Mortgage Professional America reached out to Hailey Neff of Today’s Homeowner for additional insight. In many parts of the country, those corrected property tax rates have already taken effect, Neff said. She noted researchers arrived at an effective property tax rate by taking the average property tax bill – how much the typical homeowner is paying every year on property taxes and dividing it by the median home sales in each stat. “It’s really the best way for us to compare different cities and states,” she said. 

Colorado has the nation’s highest property tax rates

Bolstered property taxes are especially pronounced in western states, she noted. “We noticed that average property tax bills rose the most in western states, including Colorado, Utah and Washington,” she said. “People in Colorado are paying 40% more in their property taxes than they did in 2016, which is a huge jump. Housing prices in these western states are going through the roof, and, as home prices go up, you’ve got to pay more property taxes on them.”

Other than protesting assessed values to the county tax assessor, Neff said, legislation is seen as the only viable option to help mitigate the hikes. “There’s lots of legislation going on right now,” she said. “I live in Idaho, and in the past legislative session there was a lot of talk about lowering property tax rates. Texas is doing the same.”
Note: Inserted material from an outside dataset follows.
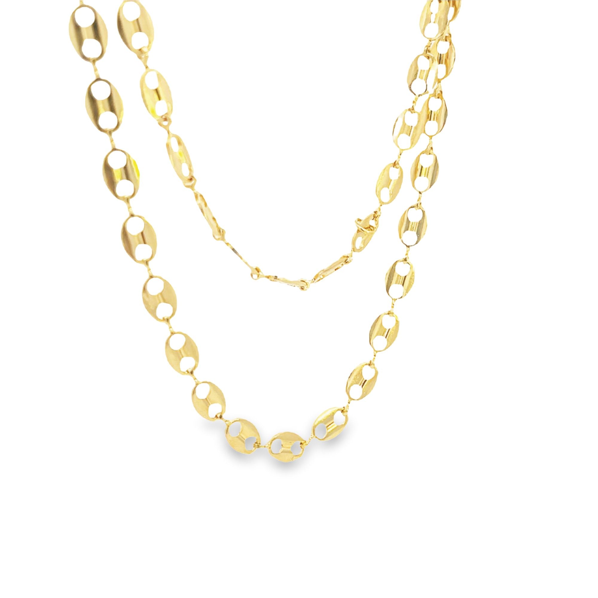 Indulge in luxury with our Gold Filled Flat Mariner Belly Chain. Made with premium materials, this belly chain adds a touch of elegance to any outfit. Show off your unique style and feel confident in the quality and design of this must-have accessory. Order now and elevate your look today!

Texas proposes a $12 billion property tax relief package

Indeed, in the Lone Star state, property taxes are the seventh-highest in the US, according to The average effective property rate in Texas is 1.60% compared to the national average of 0.09%, according to the site. The typical Texas homeowner pays $3,797 annually in property taxes, according to the site’s property tax calculator. On Thursday, the Texas House passed a $12 billion property tax relief package now headed to the Senate toward final passage, as reported by the Texas Tribune. An owner of a $350,000 home would realize more than $1,000 in savings over the course of two years under the relief bill, the news site reported.

“There seems to be a lot of buzz about what to do about property taxes,” Neff said. “We want home values to stay high, but we also want people to be able to afford them, and property taxes can really make or break affordability for a lot of people.”